(SUPPLIED ENTRIES begins)

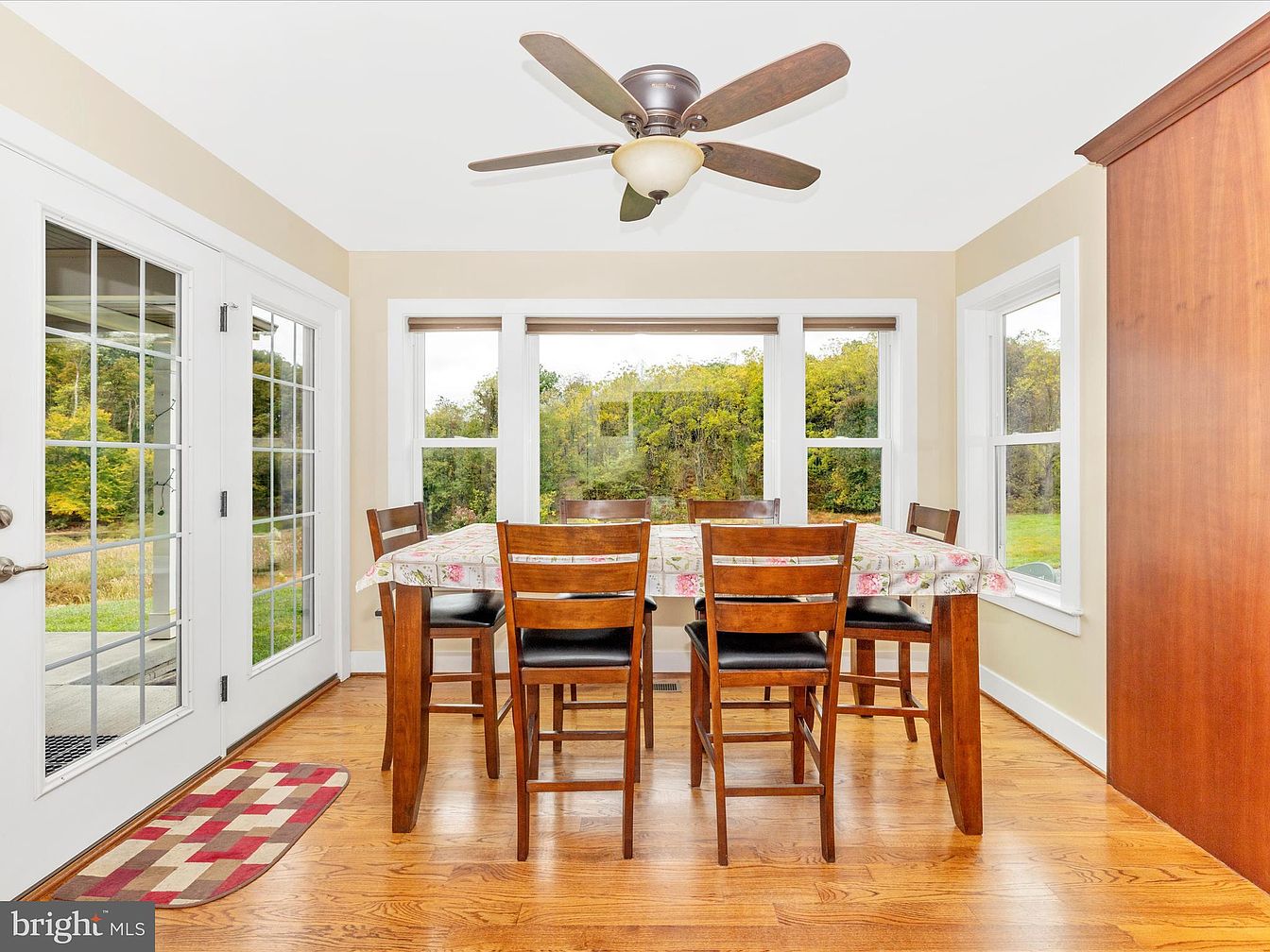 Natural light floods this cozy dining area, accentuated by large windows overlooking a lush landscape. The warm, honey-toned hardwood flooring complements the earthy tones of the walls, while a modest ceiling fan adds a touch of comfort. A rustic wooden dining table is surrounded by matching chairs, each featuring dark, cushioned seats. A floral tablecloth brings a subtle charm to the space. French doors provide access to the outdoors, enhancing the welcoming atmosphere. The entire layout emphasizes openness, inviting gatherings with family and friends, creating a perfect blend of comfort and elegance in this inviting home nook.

(SUPPLIED ENTRIES ends)
(SUPPLIED ENTRIES begins)

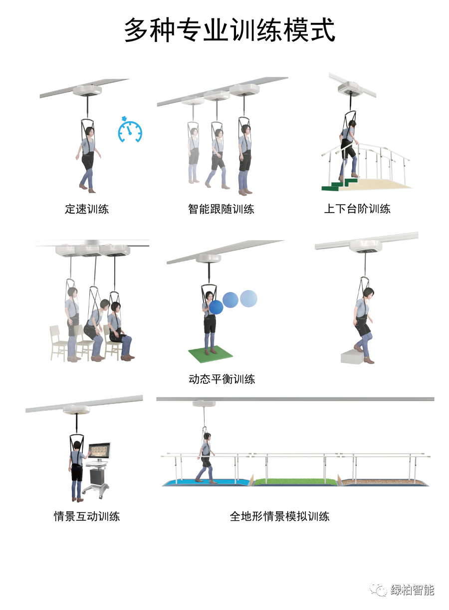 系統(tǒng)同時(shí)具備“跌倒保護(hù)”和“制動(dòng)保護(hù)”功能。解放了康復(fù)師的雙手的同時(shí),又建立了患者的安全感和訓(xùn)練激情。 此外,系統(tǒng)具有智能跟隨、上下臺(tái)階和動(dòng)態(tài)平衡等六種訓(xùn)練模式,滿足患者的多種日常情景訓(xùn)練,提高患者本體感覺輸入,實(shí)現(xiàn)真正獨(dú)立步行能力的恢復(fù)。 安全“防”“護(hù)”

(SUPPLIED ENTRIES ends)
(SUPPLIED ENTRIES begins)

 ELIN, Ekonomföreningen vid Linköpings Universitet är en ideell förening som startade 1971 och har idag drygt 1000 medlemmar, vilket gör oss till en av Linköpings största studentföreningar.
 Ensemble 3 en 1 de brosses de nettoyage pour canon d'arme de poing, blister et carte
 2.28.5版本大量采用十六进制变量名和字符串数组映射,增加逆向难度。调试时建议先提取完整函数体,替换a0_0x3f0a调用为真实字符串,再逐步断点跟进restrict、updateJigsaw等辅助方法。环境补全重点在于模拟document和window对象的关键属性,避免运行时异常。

(SUPPLIED ENTRIES ends)

**TASK STATEMENT**: Starting at the line that contains "ELIN, Ekonomföreningen vid" and stopping after the line that contains "Ensemble 3 en", write out every line exactly as it appears above, and no other line.

**COMPLETED EXERCISE**:
 ELIN, Ekonomföreningen vid Linköpings Universitet är en ideell förening som startade 1971 och har idag drygt 1000 medlemmar, vilket gör oss till en av Linköpings största studentföreningar.
 Ensemble 3 en 1 de brosses de nettoyage pour canon d'arme de poing, blister et carte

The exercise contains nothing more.